Idaho: A Novel by Emily Ruskovich is an absolutely fantastic novel. And that’s coming from someone who’s had a hard time reading fiction for several years now. I’ve been the most critical reader, scouring the first 10, 15, 20 pages for a piece of dialogue to fall flat, for text that tries too hard, or for a lie. Normally, I’ll find a reason to set the book aside within the first few pages. Often in the first paragraph. (I hope my own readers are more generous.) I’ll admit that the first 50 pages of this book were slow for me, but I love Idaho, and I found myself wanting to spend more time in the state and, therefore, more time with the book. Every line, every description, every detail served a purpose. Nothing was wasted. There were endless revelations about the human spirit.

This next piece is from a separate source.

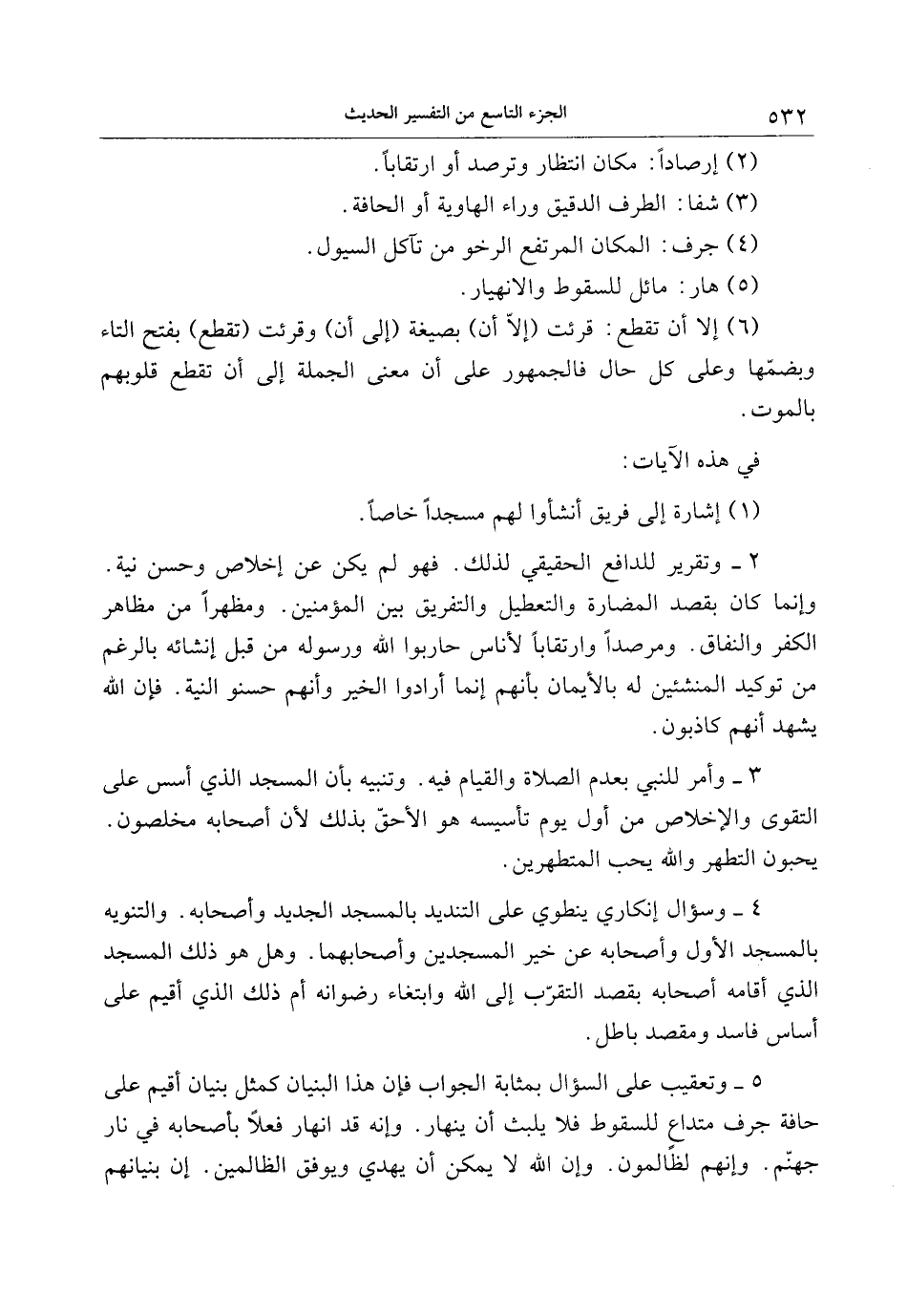 وإنما كان بقصد المضارة والتعطيل والتفريق بين المؤمنين. ومظهرا من مظاهر الكفر والنفاق. ومرصدا وارتقابا لأناس حاربوا الله ورسوله من قبل إنشائه بالرغم من توكيد المنشئين له بالأيمان بأنهم إنما أرادوا الخير وأنهم حسنو النية. فإن الله يشهد أنهم كاذبون.

My struggled with fiction has had to do with plots lines that are too predictable (or intentionally unpredictable for no good reason), common tropes are overused, and characters are flat. As a result, if I do read fiction, it tends to be stuff with no discernible plot line. Idaho has a plot line. Very much so. But it is as artful as the text.

If you grew up in the Inland Northwest, if there are old pictures of you as a child standing in the back of a old Ford, a photo taken when you are covered in tamarack dust, stuck to you from the can of Coke you drank, while you are waiting while your parents stacked firewood into the back of the pickup, and smell of honeysuckle and chainsaw oil thick in the air, and then if you went to school in the Palouse, and spent summers high up in the Idaho mountains, a little worried about getting lost among the old Forest Service road, but thankful from the break of intellectual work, while you marked and hauled old logs to the truck to burn through the winter in a fireplace that would melt and permanently scar the skin on your forearm, and if you take every opportunity, every summer and spring break, to drive back to those empty Blue Mountains, and if you knew the boredom and insight of an isolated childhood in the rural Northwest, and if you think you’ve actually met Emily Ruskovich, been introduced in passing by a friend, an acquaintance, in Moscow, Idaho, while you were practicing yoga across the state line, or at the farmer’s market, or in the little shop, where you ate a coffee and bagel after having ridden your bike eight miles along the Chipman Trail. Perhaps she was a student, or maybe you two were alone in a used bookstore and shared a knowing glance, seeing that you are the same, both with freckles, red hair, and dark eyes, but you think you are different, but you are not so different, and you should read this beautiful, beautiful book that she has written.